“Of course. Well, Bonnie May, I think I’ll have to take you home.”

“Whose home—yours?” she asked.

“Good gracious, no! To your own!”

She peered into the lobby searchingly, the light slowly fading from her eyes.

“But I haven’t any home,” she said.

CHAPTER II
A MOMENTOUS DECISION

It was all very well for a young man of an almost painfully circumspect type to rescue a youthful female from danger. It was a different matter, however, when he found himself walking along a crowded thoroughfare, leading a waif in a fantastic and almost shabby dress, and bringing upon himself the curious, if not the suspicious, glances of passers-by.

This fact struck Baron forcibly and unpleasantly.

“Come, let’s get inside somewhere,” he said to his companion. He spoke almost abjectly, as if he had been a soldier seeking a hiding-place behind a wall. “This place will do!” He had espied a haven in the form of a restaurant, deserted by all save two or three young women wearing waitresses’ aprons and caps.

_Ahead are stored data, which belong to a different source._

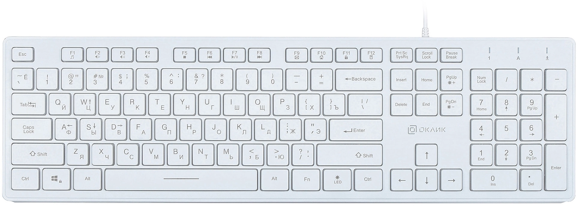 Клавиатура Оклик 550ML белый USB slim Multimedia LED
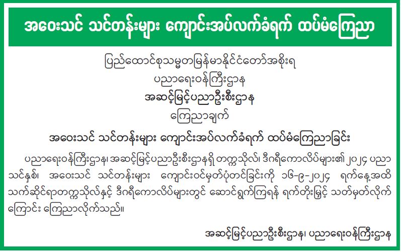 ဝန်ကြီးဌာန ကြေညာချက်များ
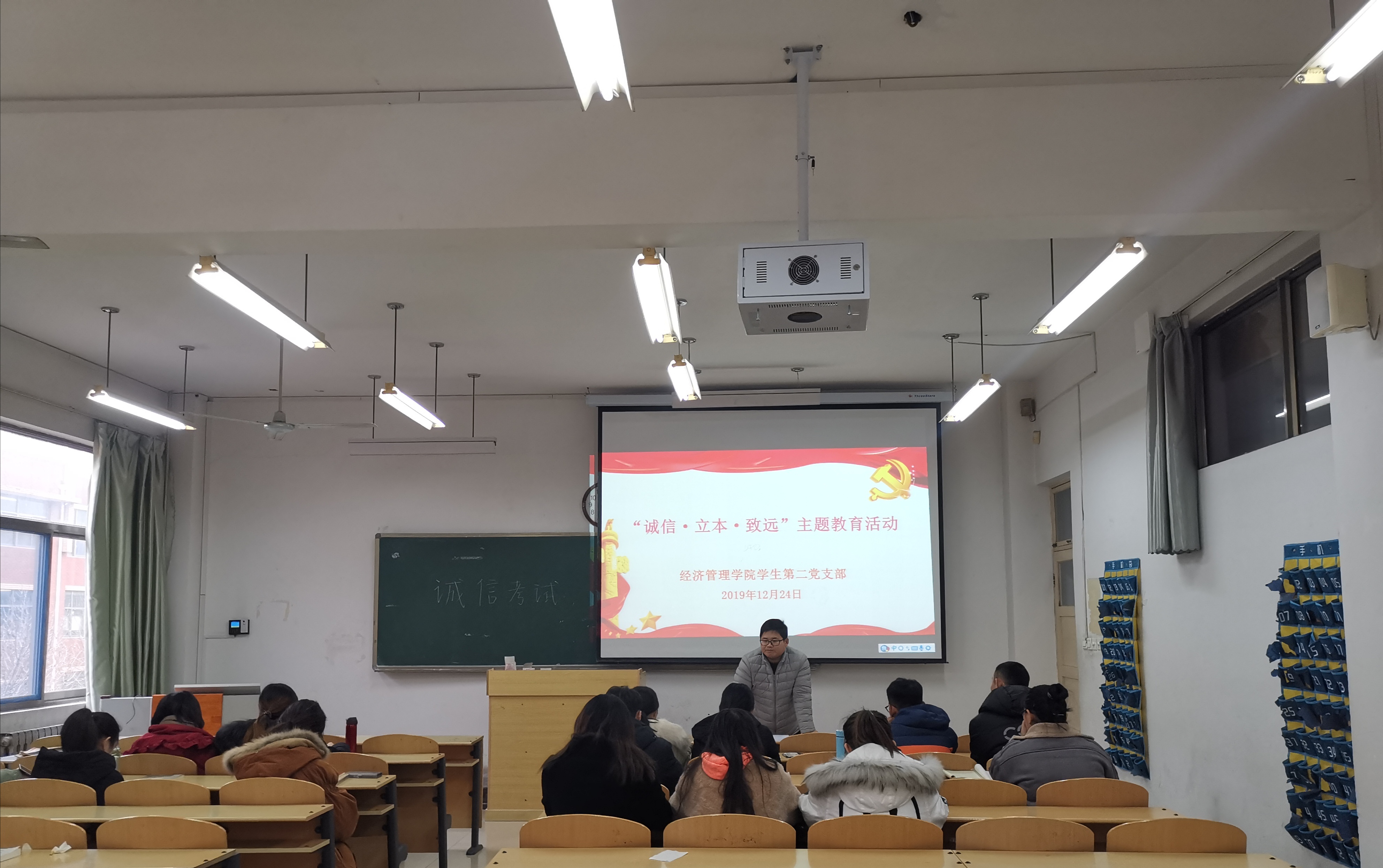 为培养学生党员诚信的优良品质,充分发挥党员的榜样引领作用,12月24日下午,英国365集团公司学生第二党支部在7号教学楼301室召开“诚信·立本·致远”主题教育大会。党支部全体在校学生党员参加了会议,此次会议由党支部书记王胜主持。
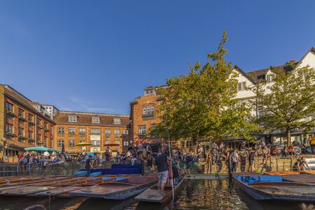 Cambridge, UK - July 16, 2021: River Cam and Punting boats with tourists
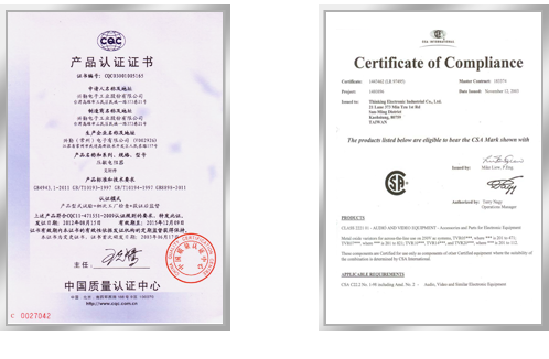 產品已通過ISO9001及TS16949的品質管理系統,相關產品通過UL、CSA、VDE、TUV、CQC等國際安規系統的認證;
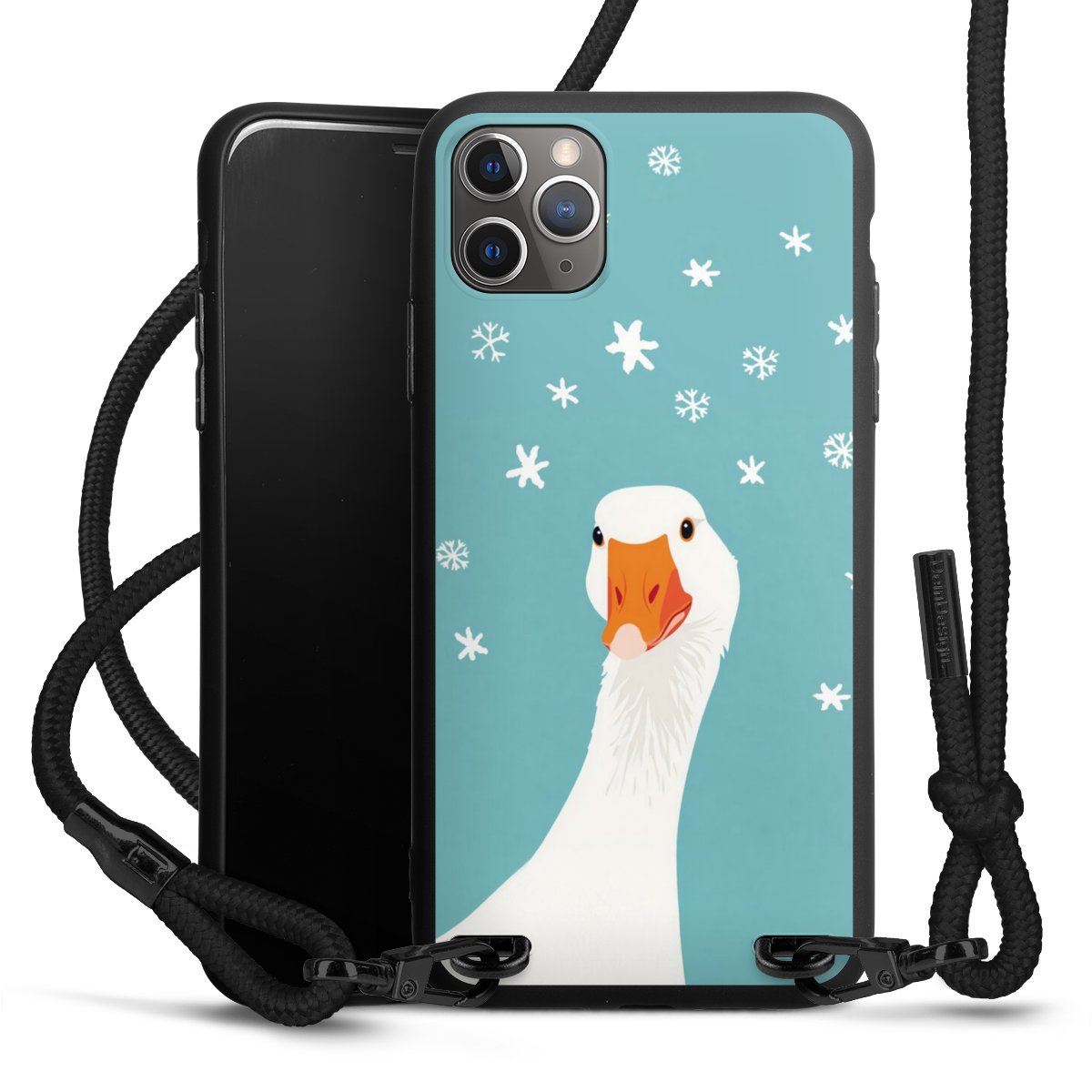 The matt black silicone case is made of flexible TPU (thermoplastic polyurethane) and offers robust protection. The durable, unbreakable material makes the cover flexible and dimensionally stable at the same time. The matte surface makes your design stand out more and is less susceptible to fingerprints and dirt. The stylish trend accessory fits comfortably in the hand and is perfectly complemented by the fabric (polyester) mobile phone strap. The braided fabric strap is approx. 1.70 metres long with a diameter of approx. 0.5 cm. Due to the special knotting technique, the length of the strap can be adjusted by simply pulling it, so that you can adapt it individually to your wishes. The practical case to wear around your neck is available with the fabric strap in black. As a little icing on the cake, we have provided the strap with a chic metal fastener in matt black. The strap is securely fastened to the case with loops made of high-quality genuine leather and press studs. The ends of the fabric strap are covered with metallic end caps and thus protected from fraying.
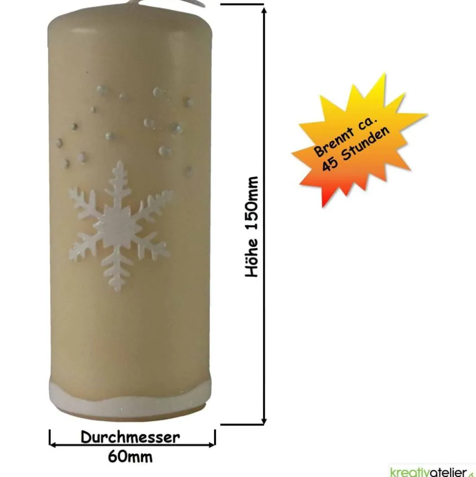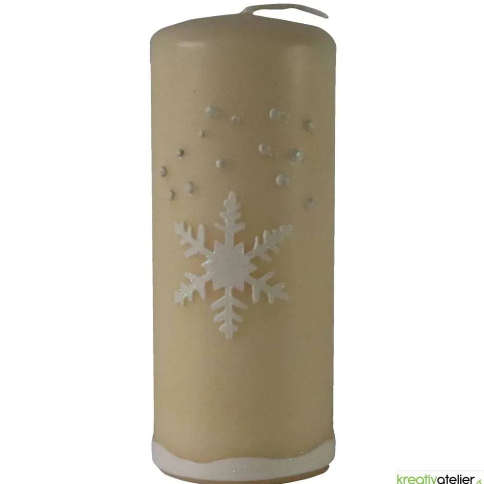 Diese edle cremefarbene Winterkerze mit einer filigran gestalteten Schneeflocke bringt winterliche Eleganz in Ihr Zuhause. Die handverzierte Schneeflocke funkelt zart im Licht und schafft eine festliche Atmosphäre, die perfekt in die kalte Jahreszeit passt. Die Cremefarbe verleiht der Kerze eine sanfte, edle Ausstrahlung, die sich harmonisch in jede Weihnachtsdekoration einfügt.

Bonnie May looked at him inquiringly, almost piteously. This movement was a mere strategy, she realized. It was not a time for eating. But the ready speech of half an hour ago had deserted her, and she entered the restaurant, when Baron opened the door for her, without saying a word. Indeed she stood so forlornly and dependently that her companion realized anew that he had somehow committed an enormous blunder.